**TASK TO COMPLETE:** Every line from the one with "With no room" through the final line of the data below goes in the answer, copied exactly. Pictures do not.

--- START ---

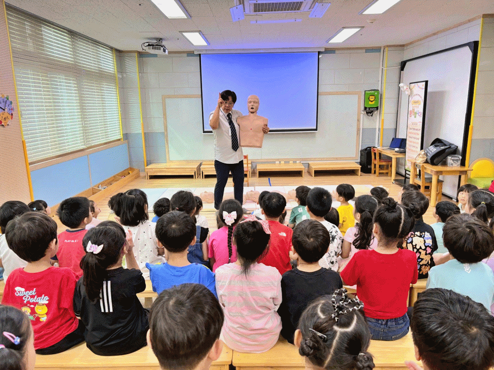 교육에 참여한 유아들은 심폐소생술의 기본 원리를 들은 뒤, 인형 모형을 이용해 ‘가슴 압박하기’를 직접 체험하였다. 작은 손으로 힘껏 양손을 모아 누르며 “심장이 다시 뛸 수 있게 도와주는 거예요!”, “제가 살려줄래요!”라고 말하는 등 적극적이고 진지한 태도로 임하였다. 친구가 도전할 때는 “힘내!”, “더 세게 눌러봐!”라며 응원과 격려를 아끼지 않아 교육 현장은 따뜻하고 활기찬 분위기로 가득했다.
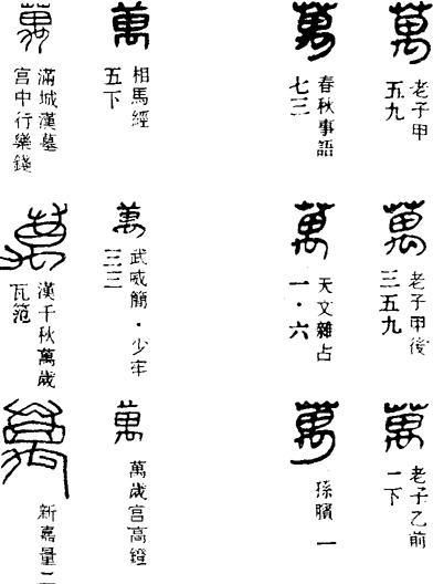 甲骨文的万字,象一个巨螯屈尾的蝎子形状,其本义是指蝎子。此字后来借用为数词,十百为千,十千为万;又极言其多,如万物、万象等;又引申为极其、非常、绝对等义,如万全、万无一失等。
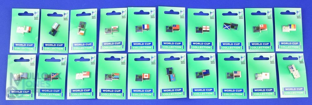 2003 RWC Official Lapel Badge Collection (16): 16-badge, new with tags, mint collection of official national badges for the RWC in Australia 2003
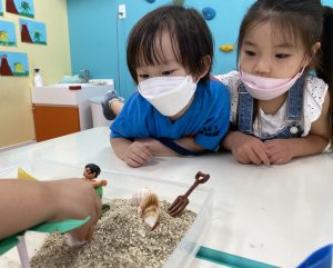 本日は、日本の美しいビーチを写真やビデオで見た後、各クラスごとにビーチの模型を作りました。
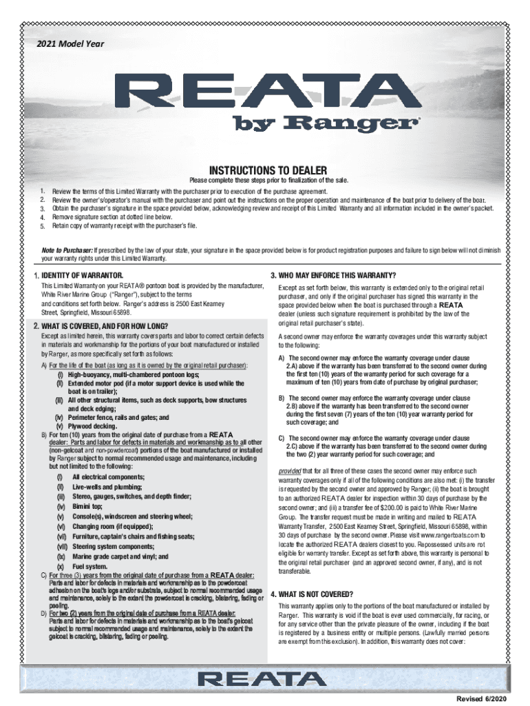 2021 Model Pre-instructions TO DEALERPlease complete these steps prior to finalization of the sale. 1. Review the terms of this Limited Warranty with the purchaser prior to execution of the purchase
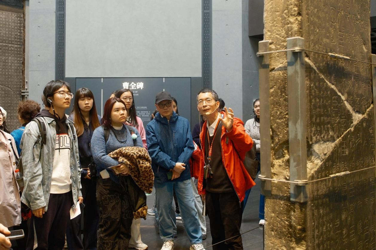 10月30日,团队来到陕西历史博物馆。陕西历史博物馆以周秦汉唐时期文物为核心,展现中华文化从远古到唐宋的发展历程。通过实地学习,港澳台学生对周秦汉唐时期历史脉络有了整体的了解、增强了中华文化自信。当天下午,团队还前往碑林博物馆进行专题学习,直观感受中国书法艺术与历史文献的传承脉络。台湾交换生刘豫文感慨道:“这些碑刻矗立天地间见证四时不停变换,至今仍能屹立于众人的视线中,让我等跨越时空能与千年前的书法家对话,何其浪漫!”
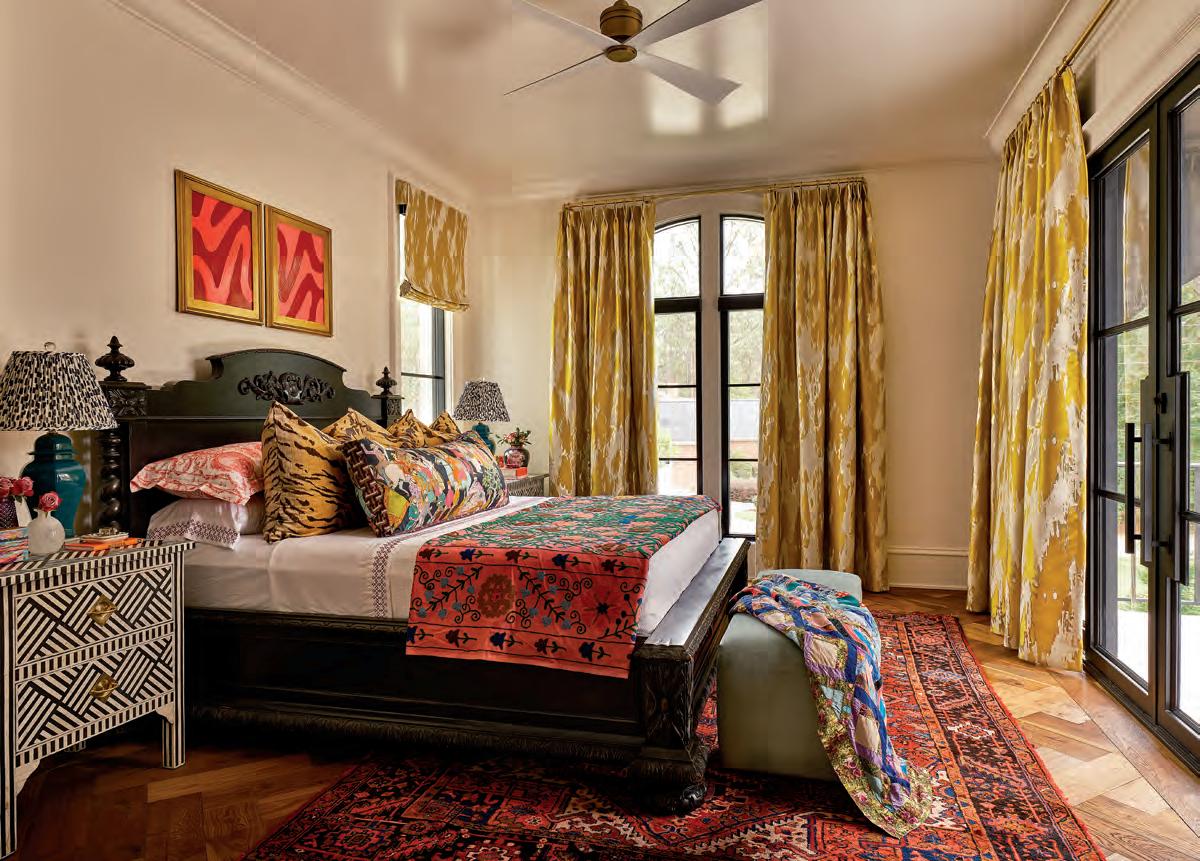 With no room left untouched, the project became a lesson in how to design with color—without overdoing it. “We wanted to incorporate as much pattern and color as possible but in an elegant, sophisticated way,” says Moody—a target easily hit when the designer and homeowner are in funky sync.
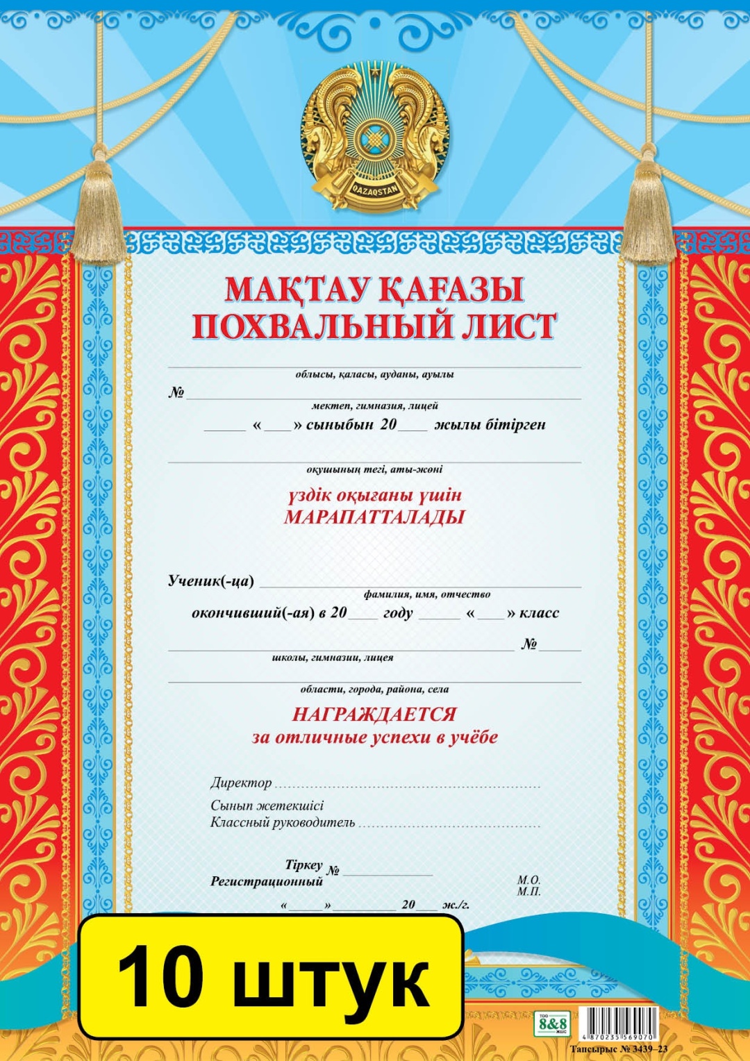 Мақтау қағазы / Похвальный лист (заказ 3439). Комплект из 10 шт

--- END ---

**RESPONSE TO THIS EXERCISE:**
 With no room left untouched, the project became a lesson in how to design with color—without overdoing it. “We wanted to incorporate as much pattern and color as possible but in an elegant, sophisticated way,” says Moody—a target easily hit when the designer and homeowner are in funky sync.
 Мақтау қағазы / Похвальный лист (заказ 3439). Комплект из 10 шт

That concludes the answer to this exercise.